Better yet, buy two so you don't have a SPOF.
A few comments on the larger issue of how to distribute information...
Broadcast is anathema to many network administrators, and in some networks
it's simply not available, so arguments about X% of total network bandwidth
are meaningless. Having every node send to N peers is pretty non-scalable
too. A ring, tree, mesh, torus, or N-dimensional cube is likely to be much
more efficient, and the difficulty of maintaining any of these structures
can be surprisingly low.

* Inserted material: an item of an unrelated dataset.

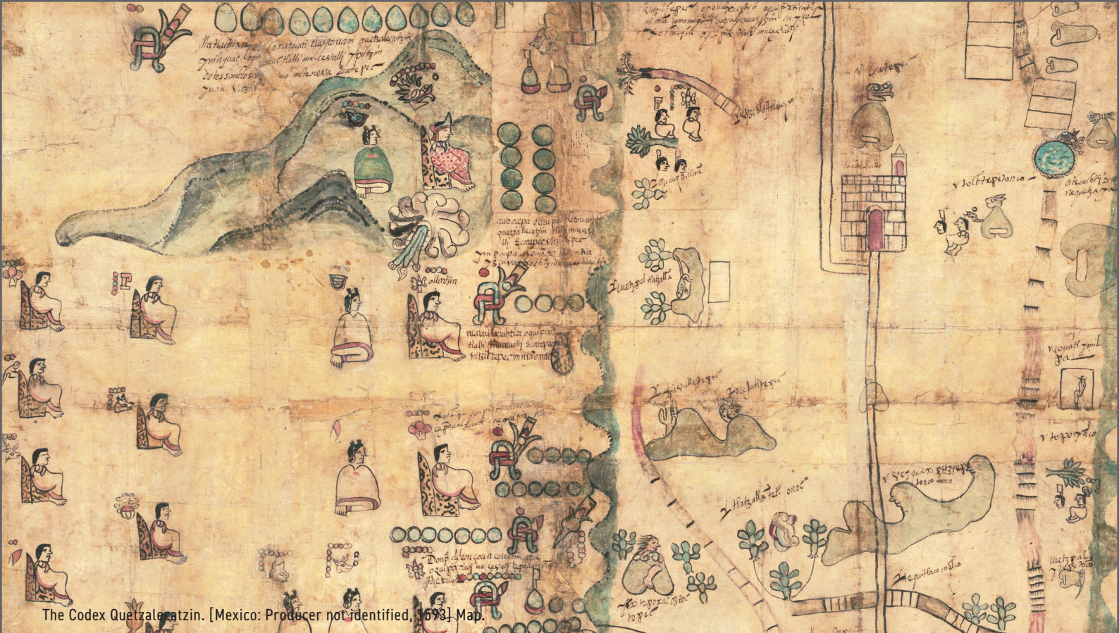
The Codex Quetzalcóatl. [Mexico: Producer not identified, 1693] Map.

At a theoretical level I'm a little leery of
MOSIX-like diffusion models that do not provide a *guarantee* that
information will get from X to Y in a timely manner, but as a practical
matter it seems to work quite well and it certainly scales.
Should resource information be piggybacked on heartbeats? Probably not,
IMO. They have different requirements for reliability, bounded delivery
time, etc. Heartbeats should remain reasonably small and must be processed
expeditiously, whereas resource advertisements might be arbitrarily large
and are not time-critical. Having a receiver delay handling of heartbeat N
because it's still processing the resource information from heartbeat N-1
would be unacceptable, and you just know that many receiver implementations
would end up doing just that.
There's enough in common between the two problems that maybe there's some
common mechanism that could be used for both, perhaps using a QoS/priority
notion to deal with the differences. But just dumping the resource info on
top of the heartbeats strikes me as a mistake.